What's the difference between submitting a sitemap and the sitemap in robots.txt?
Submitting through Google Search Console only notifies Google. Adding the sitemap URL to robots.txt notifies every crawler that reads your robots.txt (Bing, Yandex, etc.). Do both for maximum coverage.
Sitemap Debugging Techniques
When Google Reads Your Sitemap But Doesn't Index Pages
If GSC shows your sitemap was successfully read but pages remain unindexed, the sitemap itself isn't the problem — Google is choosing not to index those pages for quality reasons. See why Google won't index your pages for the complete troubleshooting guide.
When Google Can't Read Your Sitemap At All
If the sitemap status shows "Couldn't fetch" repeatedly:
- Test the URL directly: Paste your sitemap URL in a browser. Does it load?
- Check server response:
curl -sI https://yoursite.com/sitemap.xml— does it return 200? - Check file permissions: Your web server needs read access to the sitemap file
- Check for .htaccess conflicts: Some security rules block access to XML files
- Check CDN caching: If your CDN caches a broken version, purge the cache and test again
Sitemap Index vs. Individual Sitemaps
Submit your sitemap index file to GSC, not individual sub-sitemaps. The index file acts as a master reference, and Google automatically discovers and processes all referenced sitemaps. If you submit individual sitemaps, you'll need to resubmit each time you add a new one.

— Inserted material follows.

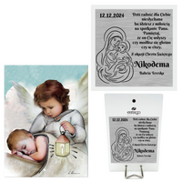 Obrazek malowany na drewnie Twój Anioł Stróż Dedykacja 9x11 cm Prezent na Chrzest

Verify your sitemap index references all sub-sitemaps:
curl -s https://yoursite.com/sitemap_index.xml | grep "<loc>"
Each <loc> entry should point to a valid, accessible sub-sitemap. If any return 404 or errors, remove them from the index.
Your Direct Line to Google
Your XML sitemap is the single most direct way to tell Google which pages matter on your site. A clean, accurate sitemap accelerates discovery, prioritizes crawling, and ensures your new content reaches the index as fast as possible.

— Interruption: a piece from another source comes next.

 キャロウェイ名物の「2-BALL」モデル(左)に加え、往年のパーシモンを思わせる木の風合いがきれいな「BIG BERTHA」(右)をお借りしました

Fix the errors. Strip the non-indexable URLs. Submit the clean version. Then move on to the rest of your technical SEO cleanup.

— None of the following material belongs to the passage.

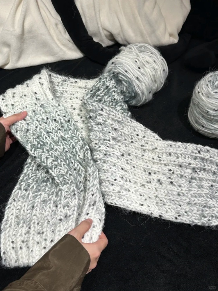 • 그라데이션 흑백(긴 스타일) + 뜨개질 도구 + 튜토리얼

When This Fix Isn't Your Priority
Skip this for now if:
- Your site has fundamental crawling/indexing issues. Fixing a meta description is pointless if Google can't reach the page. Resolve access, robots.txt, and crawl errors before optimizing on-page elements.
- You're mid-migration. During platform or domain migrations, freeze non-critical changes. The migration itself introduces enough variables — layer optimizations after the new environment stabilizes.
- The page gets zero impressions in Search Console. If Google shows no data for the page, the issue is likely discoverability or indexation, not on-page optimization. Investigate why the page isn't indexed first.
Frequently Asked Questions
How long does this fix take to implement?
Most fixes in this article can be implemented in under an hour. Some require a staging environment for testing before deploying to production. The article flags which changes are safe to deploy immediately versus which need QA review first.
Will this fix work on WordPress, Shopify, and custom sites?
The underlying SEO principles are platform-agnostic. Implementation details differ — WordPress uses plugins and theme files, Shopify uses Liquid templates, custom sites use direct code changes. The article focuses on the what and why; platform-specific how-to links are provided where available.
How do I verify the fix actually worked?
Each fix includes a verification step. For most technical SEO changes: check Google Search Console coverage report 48-72 hours after deployment, validate with a live URL inspection, and monitor the affected pages in your crawl tool. Ranking impact typically surfaces within 1-4 weeks depending on crawl frequency.